*TASK BRIEF*.
The lines to extract begin at the line that contains "Beautiful colors and" and run through the last line of the listing; reproduce them exactly, minus any pictures.

*SUPPLIED DATA*.
*** Block opens ***

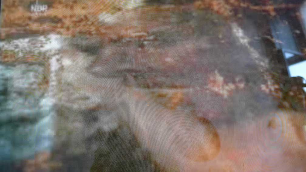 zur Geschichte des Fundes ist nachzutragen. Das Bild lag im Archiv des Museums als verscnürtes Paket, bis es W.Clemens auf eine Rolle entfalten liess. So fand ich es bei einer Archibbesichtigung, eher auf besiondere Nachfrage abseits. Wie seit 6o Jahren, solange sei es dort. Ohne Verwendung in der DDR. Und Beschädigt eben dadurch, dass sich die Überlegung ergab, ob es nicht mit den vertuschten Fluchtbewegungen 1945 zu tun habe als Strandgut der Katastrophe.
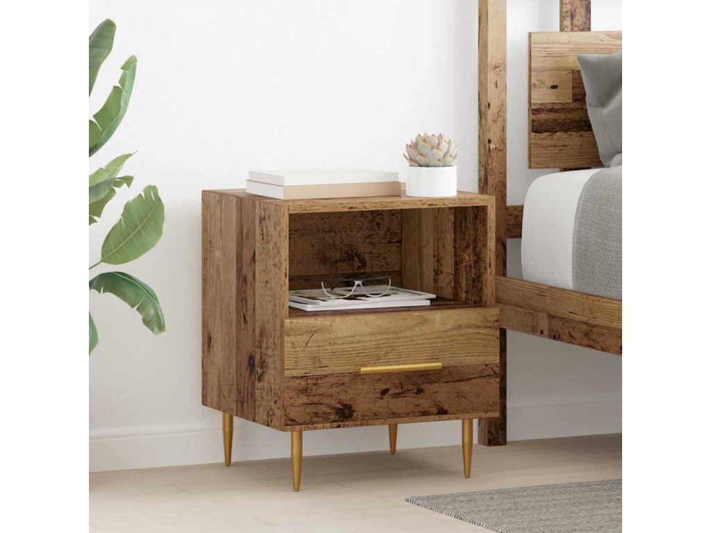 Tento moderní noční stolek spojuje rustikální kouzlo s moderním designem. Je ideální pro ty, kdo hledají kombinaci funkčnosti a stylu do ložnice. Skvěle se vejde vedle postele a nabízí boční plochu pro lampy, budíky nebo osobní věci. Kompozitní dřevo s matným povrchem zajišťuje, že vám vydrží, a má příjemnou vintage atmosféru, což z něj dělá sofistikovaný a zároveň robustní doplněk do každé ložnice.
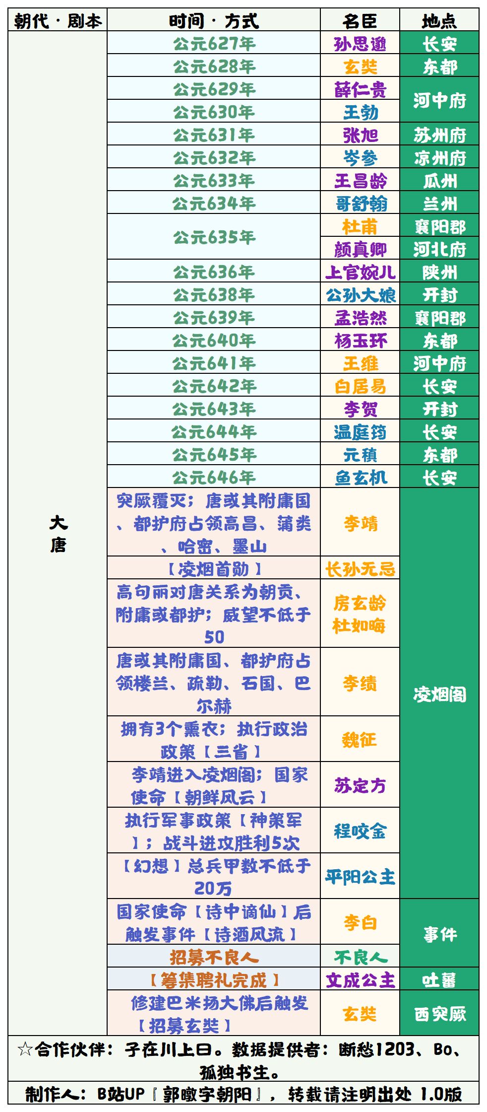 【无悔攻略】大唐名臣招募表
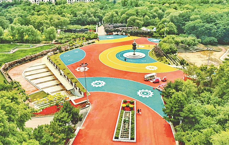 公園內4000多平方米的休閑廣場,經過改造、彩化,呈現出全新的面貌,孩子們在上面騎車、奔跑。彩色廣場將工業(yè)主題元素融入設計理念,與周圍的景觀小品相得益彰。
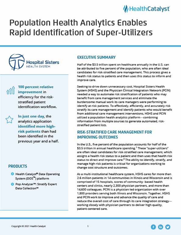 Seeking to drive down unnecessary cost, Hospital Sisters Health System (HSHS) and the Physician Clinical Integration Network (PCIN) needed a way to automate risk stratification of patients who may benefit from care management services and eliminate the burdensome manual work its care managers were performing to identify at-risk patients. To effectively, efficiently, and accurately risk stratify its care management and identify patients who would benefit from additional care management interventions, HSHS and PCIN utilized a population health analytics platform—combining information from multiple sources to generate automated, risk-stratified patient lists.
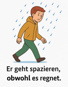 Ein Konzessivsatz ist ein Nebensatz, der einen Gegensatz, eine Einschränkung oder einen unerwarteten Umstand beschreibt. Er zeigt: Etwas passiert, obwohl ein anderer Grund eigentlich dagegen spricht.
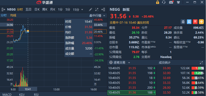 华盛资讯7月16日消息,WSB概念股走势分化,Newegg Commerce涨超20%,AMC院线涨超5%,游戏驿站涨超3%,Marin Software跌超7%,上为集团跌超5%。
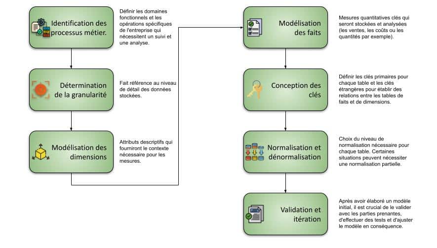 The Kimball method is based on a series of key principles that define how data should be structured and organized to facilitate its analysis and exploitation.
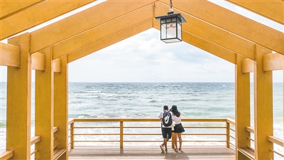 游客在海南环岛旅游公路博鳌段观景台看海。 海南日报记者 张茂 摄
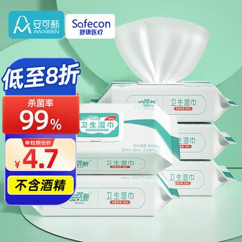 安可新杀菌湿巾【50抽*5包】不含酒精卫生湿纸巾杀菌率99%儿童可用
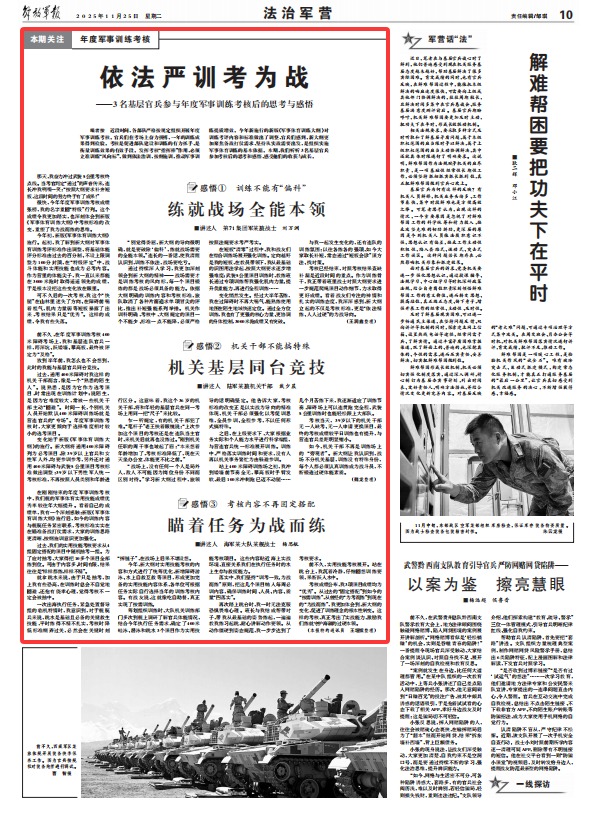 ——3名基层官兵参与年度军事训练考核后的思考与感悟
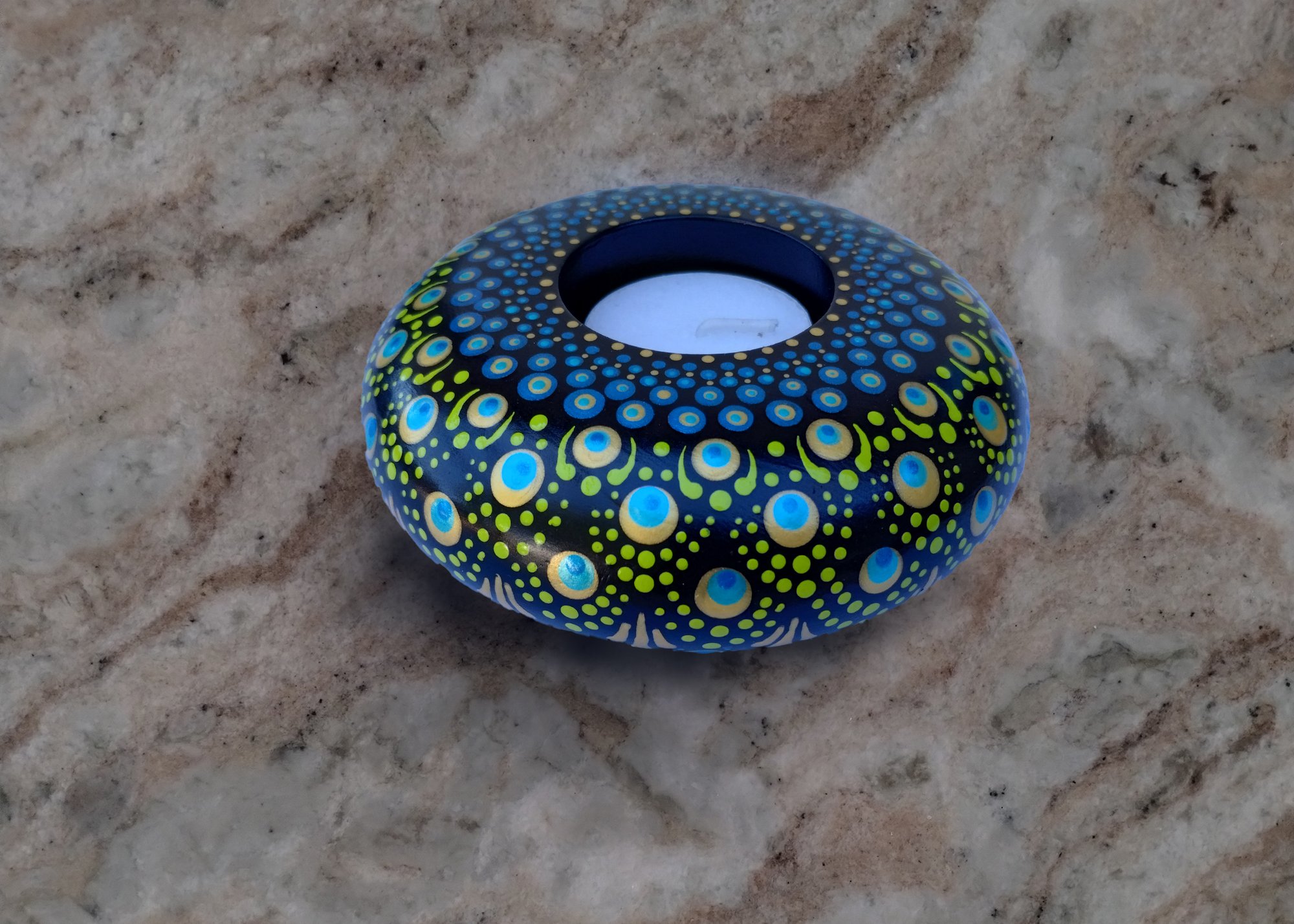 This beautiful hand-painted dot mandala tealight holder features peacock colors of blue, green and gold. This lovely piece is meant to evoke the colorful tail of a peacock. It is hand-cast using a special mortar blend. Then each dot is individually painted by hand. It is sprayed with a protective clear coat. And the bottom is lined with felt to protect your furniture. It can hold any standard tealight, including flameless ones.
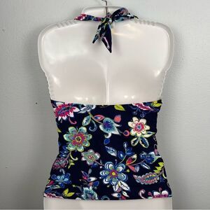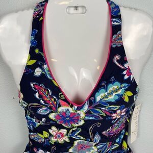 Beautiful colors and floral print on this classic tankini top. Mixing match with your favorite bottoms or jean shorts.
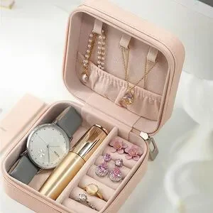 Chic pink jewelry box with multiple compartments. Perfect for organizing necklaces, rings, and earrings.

*** Block closes ***

*EXERCISE SOLUTION*.
 Beautiful colors and floral print on this classic tankini top. Mixing match with your favorite bottoms or jean shorts.
 Chic pink jewelry box with multiple compartments. Perfect for organizing necklaces, rings, and earrings.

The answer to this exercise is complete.